Monday, Jun. 14, 1926
New Cabinet
Sweden joggled politically to the Right last week as the bourgeois parties combined to overthrow the Socialist Cabinet of Premier Sandler when he attempted to jam through the Diet a measure granting unemployment doles even to men wilfully unemployed or on strike.
King Gustaf promptly called to the Premiership Herr C. G. Ekman, onetime blacksmith, leader of the People's Prohibition Party, the most ardently Dry wing of the old Liberal party.
Significance. Interest promptly centered upon whether the new regime would attempt to enact strong arm prohibition in place of the highly successful "Stockholm system" of liquor control inaugurated in 1916 by Dr. Ivan Bratt, which was extended throughout Sweden in 1919 as the "Bratt system."*
Dr. Bratt, a practicing physician and an authority on social hygiene, secured the establishment of a liquor monopoly financed by private capital, empowered to dispense all alcoholic fluids except light beers, and permitted to dispose of such fluids only under a permit system based upon the status of each purchaser--the head of a family to be sold not more than a gallon of "hard liquors" a month, single women not more than a gallon a year, restaurants an amount proportionate to their proven sales of food. To the Swede who dines in restaurants there may be brought unlimited "hard liquors" if the diner orders and pays for an additional meal with each round.

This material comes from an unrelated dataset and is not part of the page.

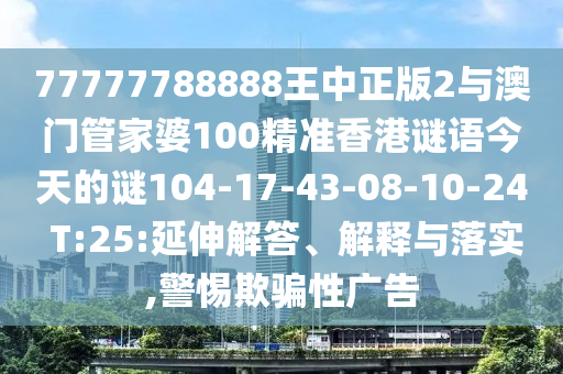 77777788888王中正版2與澳門管家婆100精準香港謎語今天的謎104-17-43-08-10-24 T:25:延伸解答、解釋與落實,警惕欺騙性廣告

At present the "Bratt Monopoly" pays a fixed return of 5% to shareholders, and to the Government all surplus profits--totaling some 112,000,000 kroner ($30,000,000) annually. Because of the easygoing temper of the people, the "Bratt system" has occasioned little friction, has reduced the consumption of alcohol 50% in such cities as Stockholm, and appears to ration out alcohol in just sufficient quantities to make smuggling unprofitable. This "golden mean" of Swedish "regulation" contrasts sharply with Norwegian "prohibition" of all liquors of more than 45% alcoholic content. In Norway, though wines and beers are at everyone's disposal, the smuggling in of hard liquor by German speedboats* has become an industry.
Die-hard Drys in both Sweden and Norway continue to clamor for prohibition `a l'Americaine.
*Superseding the earlier and somewhat similar "Gothenburg system."
*Adroitly fitted with a device by which the entire liquor cargo can be ejected into the sea through an under water trap door in the stern, if a dry enforcement cutter is sighted.